All the true gamers hated Myst. They thought it was a lot of pretty pictures: a slide show, not a game. But in fact, Myst brought more new people into the CD-ROM computer gaming industry than ever before. But for gamers it was an anomaly. Gamers wanted to keep creating what they had created in the past: a faster shooter, a quicker racing game, the next version of a famous football title.

On the other hand, Hollywood didn’t understand the importance of interactivity: they treated games like a linear movie, but one that had different endings. Neither group understood that a different type of artist was necessary for this new shift in entertainment to take place. For some of us, the brothers who developed Myst (and who lived out of a trailer to create it) represented that brief and shining moment when worlds do change. But the moment was brief. Gamers went back to their bits and bytes, Hollywood went back to making movies. And the world of gaming was a little less interesting as a result.

Today, online advertising stands at that same crossroads: two paths diverging. One leads to a new way of communicating, a convergence of graphics and interactivity. The other is a brief, circumnavigation back to the past and the old way of doing things.

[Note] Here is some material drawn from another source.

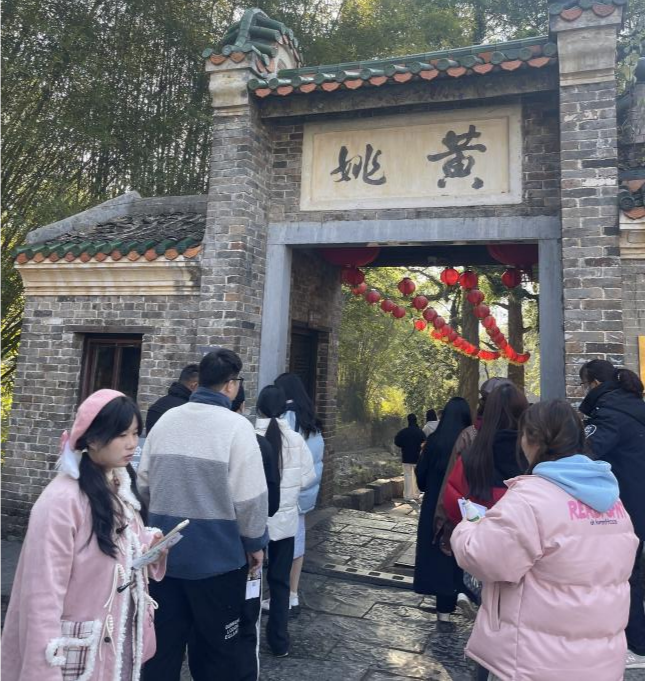 组织好学生入口合影后由老师带领有序检票进入古镇。古镇内可以观看到古镇完整的建筑布局。黄姚古镇同姓民居建筑多以祠堂为中心修建并向外辐射。黄姚古镇现有八大姓氏,九个宗祠,两个家祠,民居建筑多为同一姓氏围绕祠堂周围居住。古镇居民多为明末清初因避战乱或经商等原因迁徒至黄姚的移民,迁至黄姚后多以经商为生,家境普遍富裕。因此在住宅的建筑考虑上,更多的是出于抵御战乱与盗贼抢掠财物的防御与安全需要,无论是单体还是整体的建筑布局都有着较强的防御功能。建筑群的功能各有分区,龙畔街、中兴街主要是大户人家的生活区,安乐-金德-迎秀-连理-大然街是商业贸易区,姚江两岸的公共建筑是休闲娱乐区。

They say that the best creative minds doing TV commercials are frustrated movie directors. Maybe we need frustrated game designers to push the frontier of rich media advertising. Or better yet, someone with vision who believes there is nothing frustrating at all in creating a new way of communicating, of selling an idea, of introducing a product that can change people’s lives. I’d hate to think such pioneers were just lost in the Myst.